UK warned by east Europe not to meddle with migrant rights

Financial Times Financial Times

Eastern Europe is warning David Cameron against meddling with “sacrosanct” migrant worker rights, as the newly re-elected prime minister prepares to renegotiate Britain’s EU membership terms.

While Mr Cameron’s election victory has been greeted positively from across Europe, Britain’s traditional allies in the east are already preparing for a fight to defend the free movement rights of migrant workers.

“They cannot be touched,” Peter Javorčík, Slovakia’s Europe minister, told the Financial Times.

Szabolcs Takács, Hungary’s EU minister, called freedom of movement a “red line”, adding that it was one of the EU’s biggest achievements. “We don’t like it when Hungarian workers are called migrants, they are EU citizens with the freedom to work in other European countries,” he said.
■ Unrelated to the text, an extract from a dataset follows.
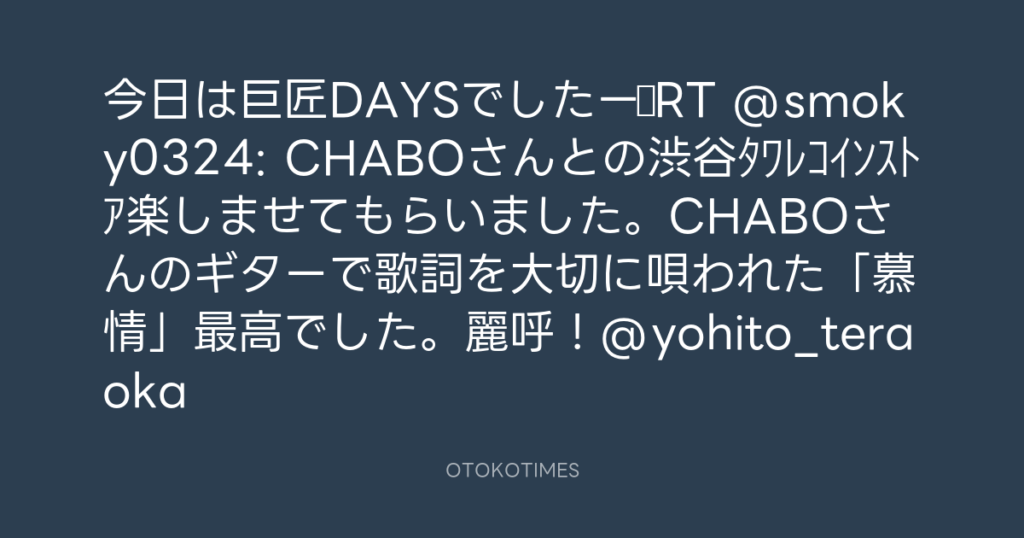 今日は巨匠DAYSでしたー♪RT @smoky0324: CHABOさんとの渋谷タワレコインストア楽しませても... -

Meanwhile Rafał Trzaskowski, Poland’s Europe minister, said: “We are ready to sit at the table and talk about what needs to be reformed . . . but when it comes to immigration, our red lines are well known.”

Britain has in the past counted former communist countries in central and eastern Europe as natural allies, but Mr Cameron has hurt relations in recent years by his tough stance on migration.

José Manuel Barroso, former European Commission president, said on Monday the principle of free movement of people was inviolable but that Mr Cameron “had a point” in wanting to stop “some abuses of our social security systems” by migrant workers.

Mr Barroso said if Mr Cameron approached his renegotiation in a positive spirit it was possible to have “a good conversation” with other EU leaders. “The tone is very important,” he said.

He also told the BBC’s Today programme that the prime minister had “renewed legitimacy and greater internal authority” after this election victory and that Ukip had become “almost irrelevant” in the British debate.

“He is someone who is determined and pragmatic,” Mr Barroso said.

The Europe issue is set to become the biggest flashpoint in Mr Cameron’s pursuit of a “new deal” for Britain, which he will put to an in-out referendum on UK membership of the bloc by 2017.

His election victory last week was accompanied by signs from leaders in western Europe that they would try to help him reset Britain’s relationship with the EU.

Angela Merkel, German chancellor, described his win as “simply great” and François Hollande, French president, called Mr Cameron on the day of his victory to invite him to Paris. Jean-Claude Juncker, European Commission president, said: “I stand ready to work with you to strike a fair deal for the United Kingdom in the EU.”